Task goal
The material below holds pictures; leave them out, and copy exactly, and only, the lines from the one with "FornoThis 24 Inch" through the last.

Records for the task
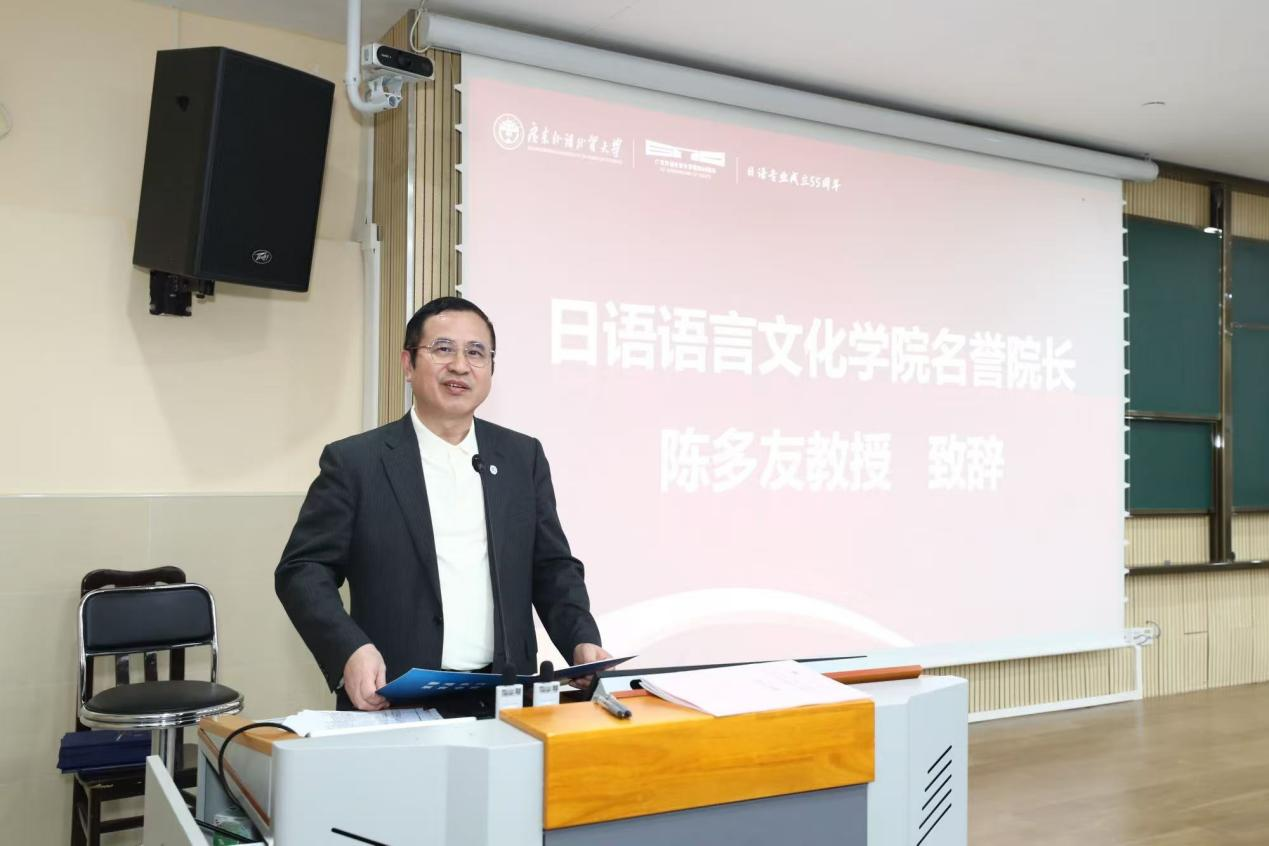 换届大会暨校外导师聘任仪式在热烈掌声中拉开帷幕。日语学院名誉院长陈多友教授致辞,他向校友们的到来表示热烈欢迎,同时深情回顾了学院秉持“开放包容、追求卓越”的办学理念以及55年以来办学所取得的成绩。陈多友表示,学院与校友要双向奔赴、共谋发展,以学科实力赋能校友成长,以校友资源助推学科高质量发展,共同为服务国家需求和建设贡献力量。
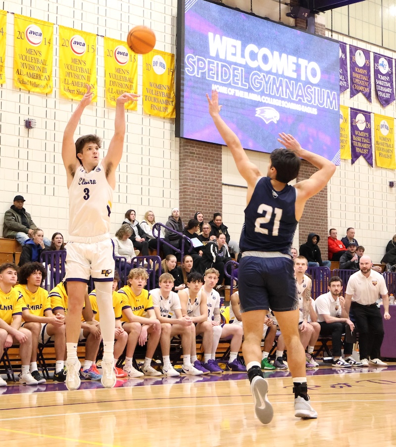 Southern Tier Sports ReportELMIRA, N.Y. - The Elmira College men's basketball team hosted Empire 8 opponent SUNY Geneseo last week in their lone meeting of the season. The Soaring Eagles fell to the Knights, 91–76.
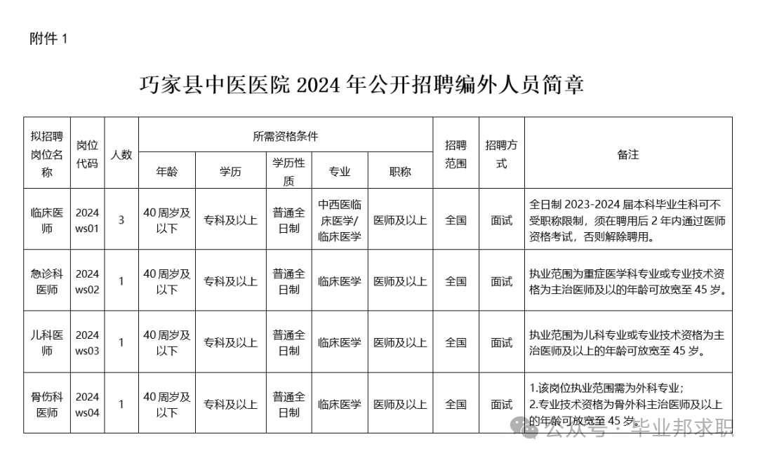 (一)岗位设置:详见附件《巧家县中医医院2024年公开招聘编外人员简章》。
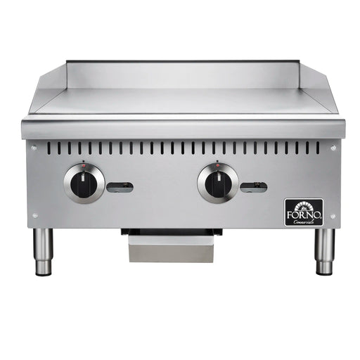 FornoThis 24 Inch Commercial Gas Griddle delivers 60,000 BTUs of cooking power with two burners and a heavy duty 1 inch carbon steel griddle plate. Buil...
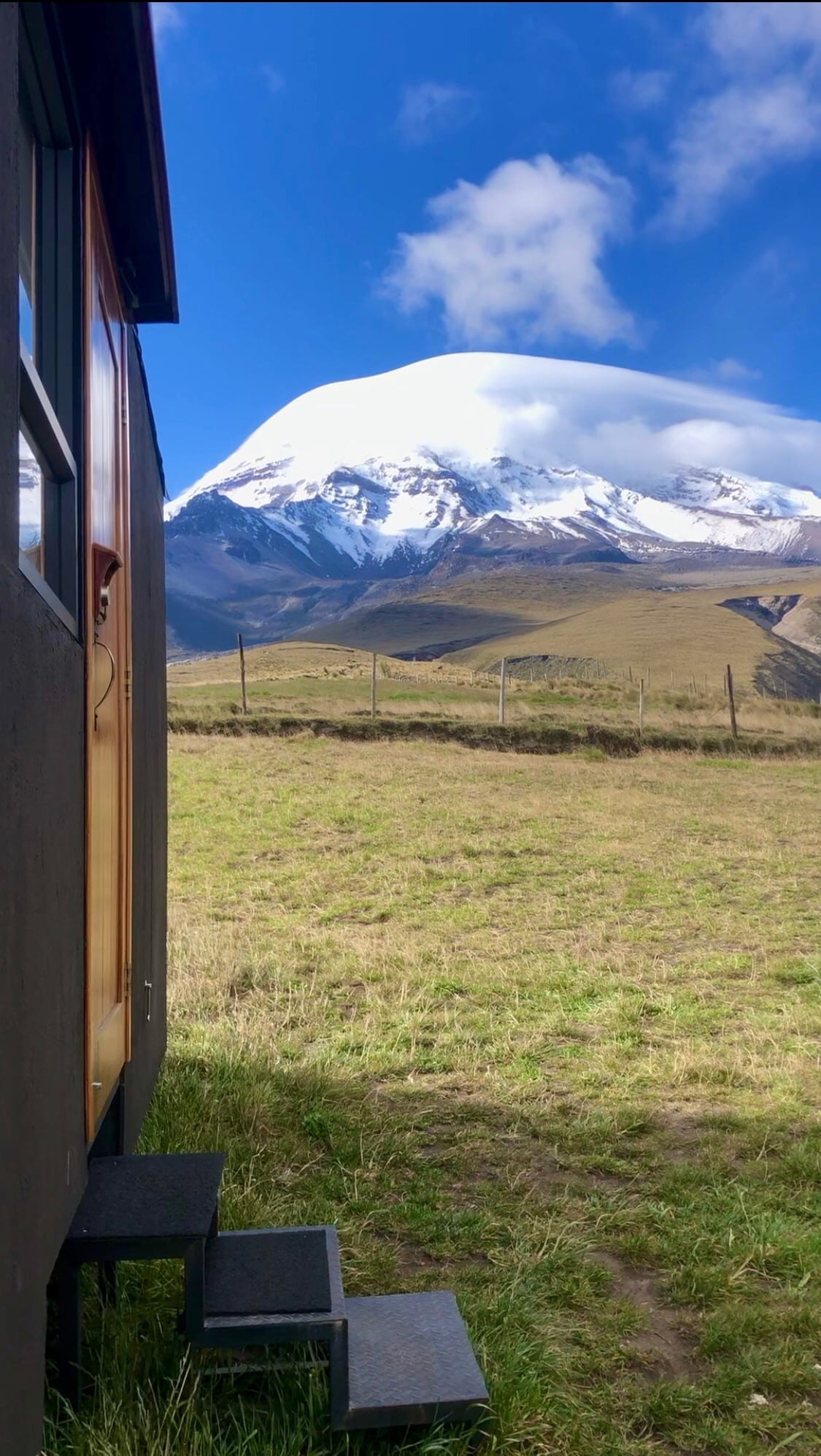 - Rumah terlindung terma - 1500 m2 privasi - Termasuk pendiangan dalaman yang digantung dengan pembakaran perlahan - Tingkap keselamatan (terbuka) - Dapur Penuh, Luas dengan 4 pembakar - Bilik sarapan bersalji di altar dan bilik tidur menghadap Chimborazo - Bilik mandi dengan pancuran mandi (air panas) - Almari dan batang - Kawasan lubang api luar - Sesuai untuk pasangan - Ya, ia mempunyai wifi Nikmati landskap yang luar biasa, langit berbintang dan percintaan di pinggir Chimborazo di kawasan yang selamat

Task response
 FornoThis 24 Inch Commercial Gas Griddle delivers 60,000 BTUs of cooking power with two burners and a heavy duty 1 inch carbon steel griddle plate. Buil...
 - Rumah terlindung terma - 1500 m2 privasi - Termasuk pendiangan dalaman yang digantung dengan pembakaran perlahan - Tingkap keselamatan (terbuka) - Dapur Penuh, Luas dengan 4 pembakar - Bilik sarapan bersalji di altar dan bilik tidur menghadap Chimborazo - Bilik mandi dengan pancuran mandi (air panas) - Almari dan batang - Kawasan lubang api luar - Sesuai untuk pasangan - Ya, ia mempunyai wifi Nikmati landskap yang luar biasa, langit berbintang dan percintaan di pinggir Chimborazo di kawasan yang selamat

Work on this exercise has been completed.